The trouble is, Picard's consciousness adapts to each of these realities, so that whatever phase he inhabits seems to be the ``correct'' one. He remembers only bits and pieces from his other incarnations. Which is real?
Trek fans begin to hyperventilate at this, fearing the worst. Is it Picard's deteriorating brain? Or is it just cheap plot tricks?
Relax, Trekkers. Screenwriters Ronald D. Moore and Brannon Braga aren't about to make a ``St. Elsewhere''-style exit. ``TNG'' is not the paperweight fantasy of an autistic child.
As Picard continues to leap around in time, he learns of a phenomenon - ``a space-time anomaly in the Devron system'' - that exists in his present and in his past, during his first mission on the Enterprise.
Yet as Picard (and we Trekkers) recalls, Picard's first Enterprise mission was the series debut, in which he first encountered his etermal nemesis, the capricious, omnipotent Q (John de Lancie).
This time around, there's only the anomaly and no sign of Q. What's wrong with this picture?
That tantalizing clue, of course, will be of absolutely no help to you.
Like so many episodes of ``TNG,'' the central dramatic problem of the finale is a puzzle that its characters must solve. And, ah, what characters.
It's not cheating to tell you that Picard's past contains Lt. Tasha Yar (Denise Crosby), killed off in the first season, who reprises her role as the tough-cookie security officer.
And it's not cheating to tell you that most of Picard's friends are alive and kicking 25 years in the future. Time, it seems, will not treat all of them fairly.
Picard's No. 1, Riker (Jonathan Frakes), is a cantankerous admiral; Worf (Michael Dorn) is a Klingon politician; LaForge (LeVar Burton) is a novelist; and Data (Brent Spiner) holds the Lucasian chair of mathematics at Cambridge!
Will Picard and friends converge on the anomaly in three time periods? Did we mention that the fate of all humanity is at stake?
The payoff to all this is, of course, spectacular, deft and fitting. It does honor to the series, the characters, and the Star Trek universe.
It also leaves us with one overwhelming question: Why, oh why, is ``TNG'' leaving first-run syndication now, at the peak of its profitable, creative game?

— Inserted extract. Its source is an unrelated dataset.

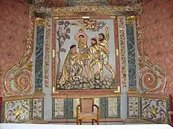 Die Kirche besitzt ein reich ausgeschmücktes und aus Holz geschnitztes Retabel. Auf zwei Ebenen wird es strukturiert von Schlangensäulen, an den Seiten umgeben von Voluten, ausgestaltet mit Flachreliefs aus zahlreichen Pflanzenmotiven, illustrierten Szenen und Heiligenfiguren. In der Mitte zieht ein Kruzifix den Blick des Betrachters auf sich. Darunter befindet sich der Tabernakel, der in das Retabel integriert ist. Der Schrein ist wie bei der Kirche in Arhan mit der Darstellung von Christus in der Rast verziert.[26]

The Denebian slime-devils at Paramount, which owns the Trek franchise (and kept it buried for 10 years), are making cute noises about converting the ``TNG'' franchise to movies, just as they did with classic ``Star Trek.''
Paramount points to its ``TNG'' movie, ``Star Trek: Generations,'' due out at Thanksgiving; its spinoff series, ``Deep Space Nine,'' still in first-run syndication; and next year's second spinoff, ``Star Trek: Voyager.''
Yeah, yeah, yeah, ... but why can't we keep ``TNG'' on the air?
Money. Paramount was looking at a ``mature asset'' that could only get costlier - higher salaries, fees and production costs. At the same time, its revenue would remain relatively flat, maybe even wane a trifle less obscene.
Folding the ``TNG'' tent lets Paramount close its books on one set of syndication deals and open them, more profitably, on another.
Does that sound like a cynical, heartless, Hollywood shuck?
It's the cruel truth, folks. But, hey, that's life in the 24th century.